**Goal of the exercise:** Go through the listing below and write out exactly the lines from the one that mentions "Embrace the luxury" through the one that mentions "Piastra style glass", minus the pictures.

**Data to use:**
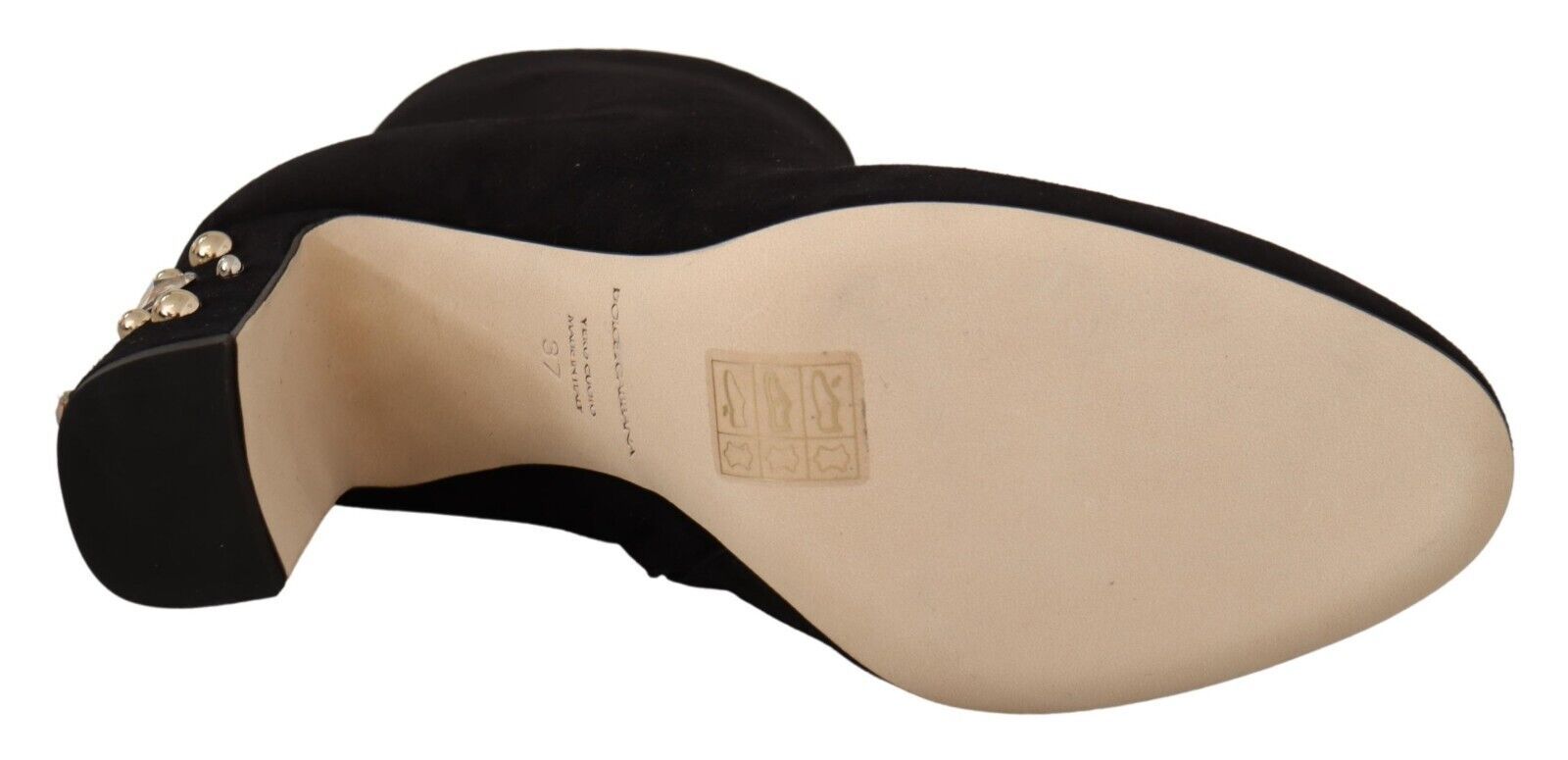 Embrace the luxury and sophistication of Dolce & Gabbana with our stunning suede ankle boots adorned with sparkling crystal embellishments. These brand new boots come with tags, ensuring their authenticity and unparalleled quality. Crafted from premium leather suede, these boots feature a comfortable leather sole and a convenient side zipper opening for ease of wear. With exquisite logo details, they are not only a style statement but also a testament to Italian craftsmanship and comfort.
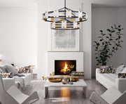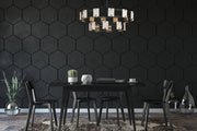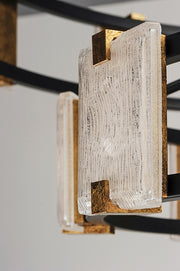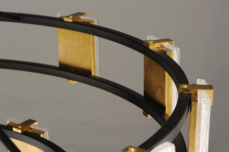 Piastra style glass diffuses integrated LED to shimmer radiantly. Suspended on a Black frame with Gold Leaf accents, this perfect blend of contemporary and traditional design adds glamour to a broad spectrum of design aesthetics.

==

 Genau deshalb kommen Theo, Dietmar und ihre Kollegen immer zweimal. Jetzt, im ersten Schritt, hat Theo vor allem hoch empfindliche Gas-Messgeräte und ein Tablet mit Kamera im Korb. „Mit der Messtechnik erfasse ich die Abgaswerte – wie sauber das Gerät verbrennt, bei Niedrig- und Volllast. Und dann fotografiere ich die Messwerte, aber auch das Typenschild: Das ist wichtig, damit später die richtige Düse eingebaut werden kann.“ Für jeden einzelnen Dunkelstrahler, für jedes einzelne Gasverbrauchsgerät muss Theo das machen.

**Task result:**
 Embrace the luxury and sophistication of Dolce & Gabbana with our stunning suede ankle boots adorned with sparkling crystal embellishments. These brand new boots come with tags, ensuring their authenticity and unparalleled quality. Crafted from premium leather suede, these boots feature a comfortable leather sole and a convenient side zipper opening for ease of wear. With exquisite logo details, they are not only a style statement but also a testament to Italian craftsmanship and comfort.
 Piastra style glass diffuses integrated LED to shimmer radiantly. Suspended on a Black frame with Gold Leaf accents, this perfect blend of contemporary and traditional design adds glamour to a broad spectrum of design aesthetics.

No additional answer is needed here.